- Problem description
Only the text of the records, copied exactly, is wanted; no pictures.

• • • • • • •

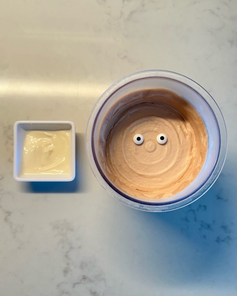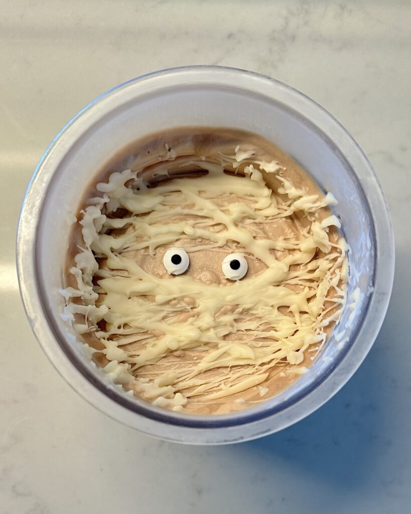 Grab your pint and place the two candy eyes on top. Then use a fork or spoon to drizzle the melted white chocolate over the surface in zigzag / wrap-style lines, back and forth â layering until it looks like mummy wrappings. It doesnât have to be perfect; messy is part of the charm.
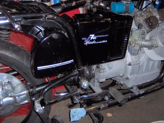 Getting the bolt holes to all line up was a bit tricky, but eventually the toolboxes were on. Decided to clean up a battery cover too, so I could see how they'd look together. Same procedure - turned out nice and both match the front fender and fuel tank (both from another bike) pretty well.
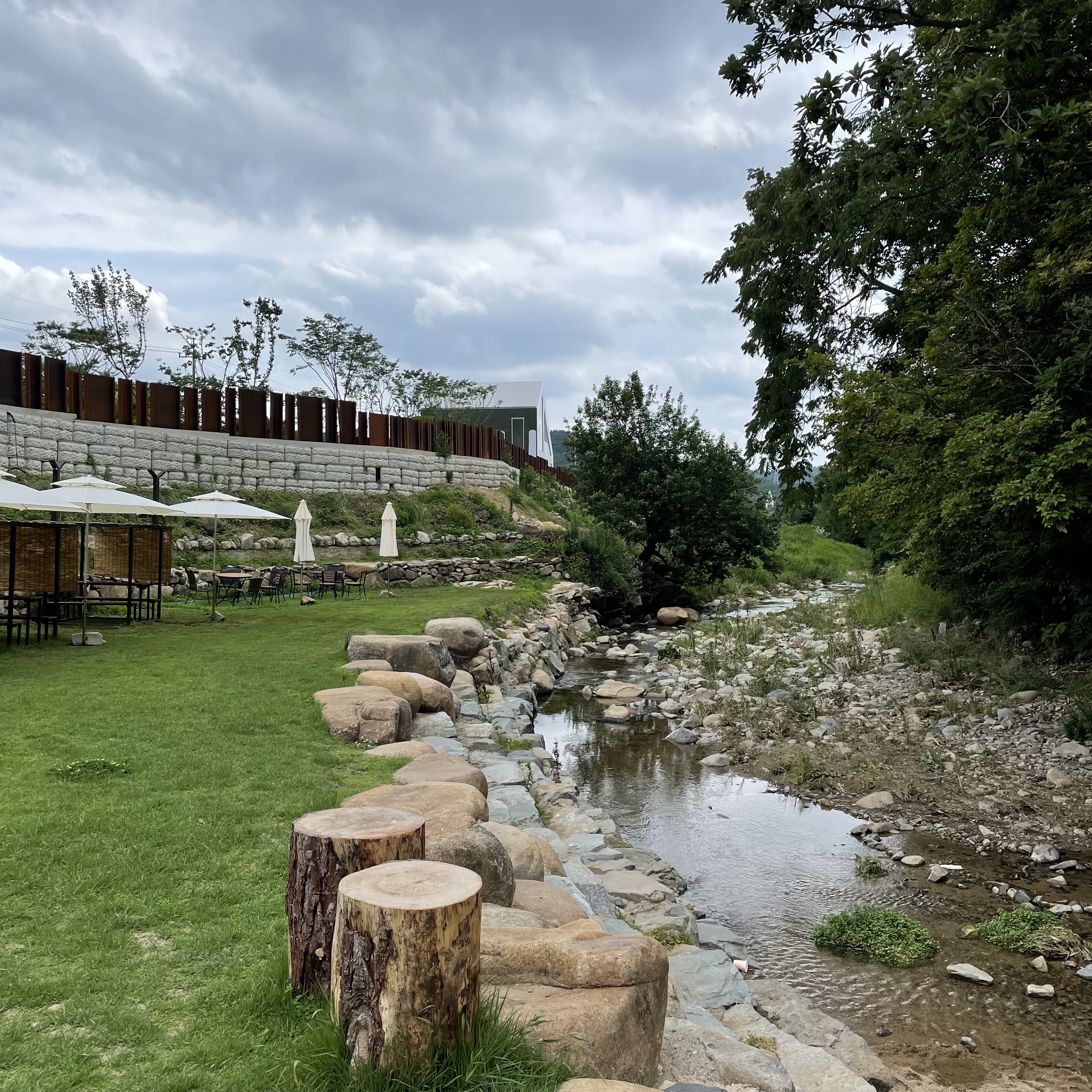 그래도 계곡 앞이라 도심 한가운데 있는 테라스보다는 시원했고, 아이들과 함께 가신다면 잠깐 발도 담글 수 있는 작은 계곡도 아래쪽에 있으니 아이들이 너무 좋아할 것 같습니다.
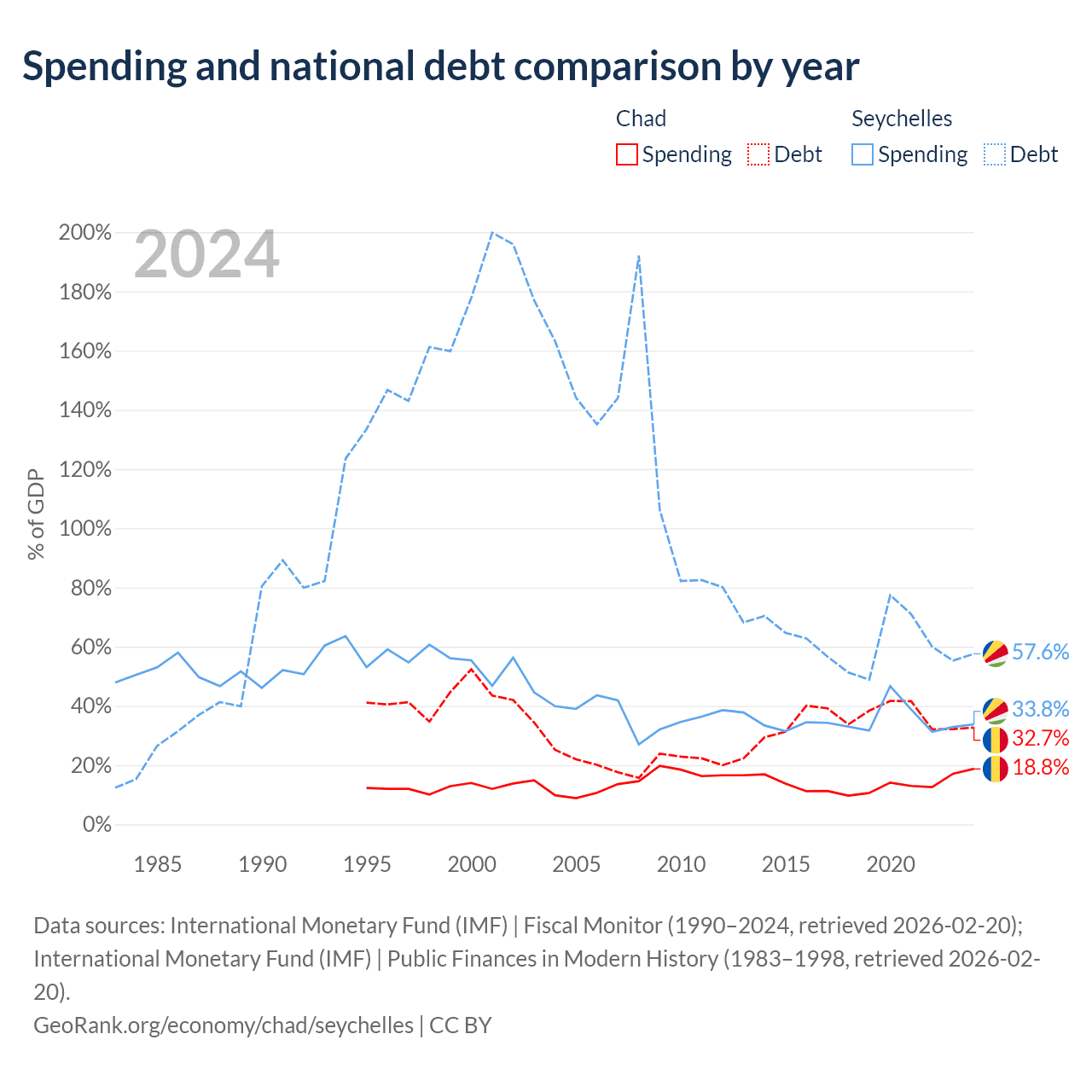 Chad has $6.37B in government debt (32.7% of GDP), compared to $1.25B (57.6% of GDP) in the Seychelles.
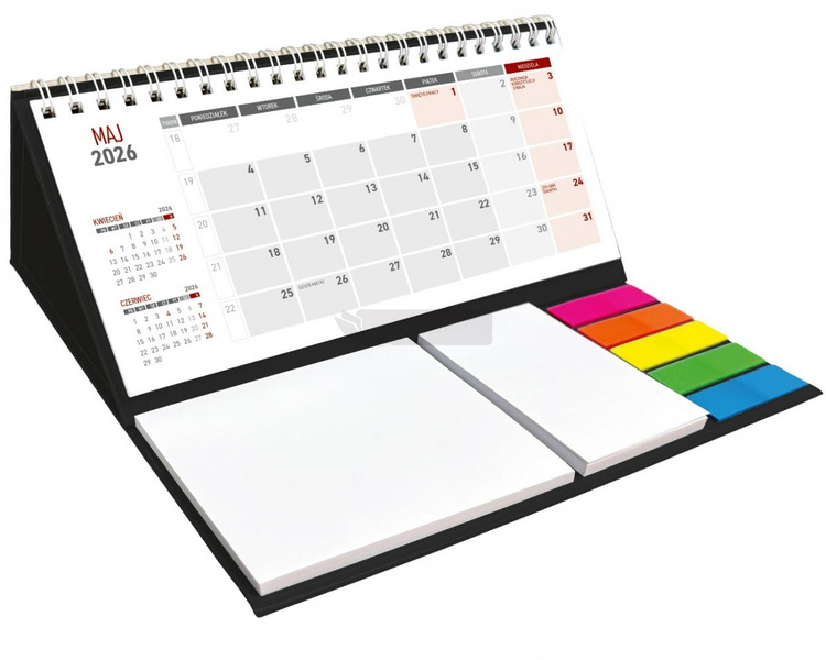Kalendarz 2026 Biurkowy z notesem czarny Praktyczny kalendarz stojący na biurko z przejrzystym kalendarium w układzie trzymiesięcznym. Poręczne samoprzylepne karteczki do notowania. Kalendarium na spirali.
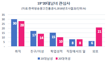 ➡19~20대 주요 관심사 : 남녀 모두 취직이 가장 큰 관심사고, 여성은 외모 관심 높아
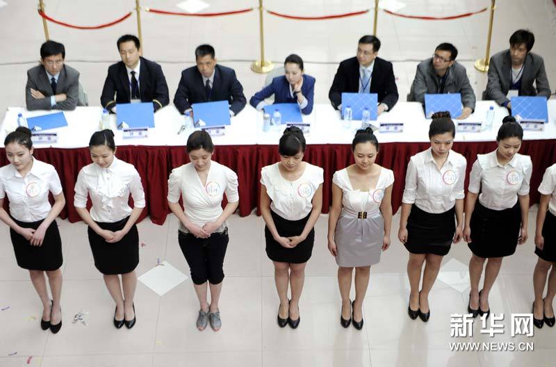 4月16日,選手上臺接受評委目測面試。當日,中國南方航空股份有限公司第六屆中國新空乘招募大匯南京選區“海選”拉開帷幕,吸引數千人參加。此次南航計劃在北京、廣州、武漢、長沙、鄭州、哈爾濱、西安、烏魯木齊、南京、重慶十大選區面向全社會公開招聘男女乘務員1500名。這將是我國民航史上最大規模的空乘人員招募。新華社發
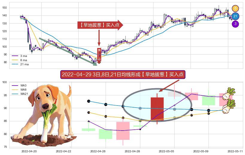 形态多维评估: ⚀ 2022-04-29日显现 3日-8日-21日均线 【旱地拔葱】买入点 看多信号,后市看涨,买入
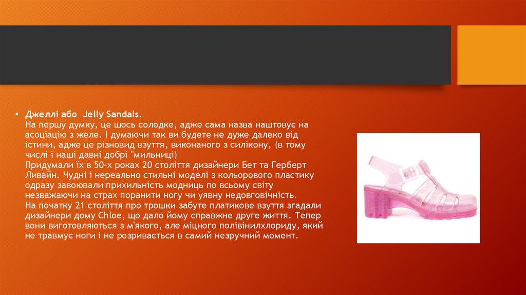 • Джеллі або Jelly Sandals.На першу думку, це шось солодке, адже сама назва наштовує на

• • • • • • •

- Written response
 Grab your pint and place the two candy eyes on top. Then use a fork or spoon to drizzle the melted white chocolate over the surface in zigzag / wrap-style lines, back and forth â layering until it looks like mummy wrappings. It doesnât have to be perfect; messy is part of the charm.
 Getting the bolt holes to all line up was a bit tricky, but eventually the toolboxes were on. Decided to clean up a battery cover too, so I could see how they'd look together. Same procedure - turned out nice and both match the front fender and fuel tank (both from another bike) pretty well.
 그래도 계곡 앞이라 도심 한가운데 있는 테라스보다는 시원했고, 아이들과 함께 가신다면 잠깐 발도 담글 수 있는 작은 계곡도 아래쪽에 있으니 아이들이 너무 좋아할 것 같습니다.
 Chad has $6.37B in government debt (32.7% of GDP), compared to $1.25B (57.6% of GDP) in the Seychelles.
Kalendarz 2026 Biurkowy z notesem czarny Praktyczny kalendarz stojący na biurko z przejrzystym kalendarium w układzie trzymiesięcznym. Poręczne samoprzylepne karteczki do notowania. Kalendarium na spirali.
 ➡19~20대 주요 관심사 : 남녀 모두 취직이 가장 큰 관심사고, 여성은 외모 관심 높아
 4月16日,選手上臺接受評委目測面試。當日,中國南方航空股份有限公司第六屆中國新空乘招募大匯南京選區“海選”拉開帷幕,吸引數千人參加。此次南航計劃在北京、廣州、武漢、長沙、鄭州、哈爾濱、西安、烏魯木齊、南京、重慶十大選區面向全社會公開招聘男女乘務員1500名。這將是我國民航史上最大規模的空乘人員招募。新華社發
 形态多维评估: ⚀ 2022-04-29日显现 3日-8日-21日均线 【旱地拔葱】买入点 看多信号,后市看涨,买入
 • Джеллі або Jelly Sandals.На першу думку, це шось солодке, адже сама назва наштовує на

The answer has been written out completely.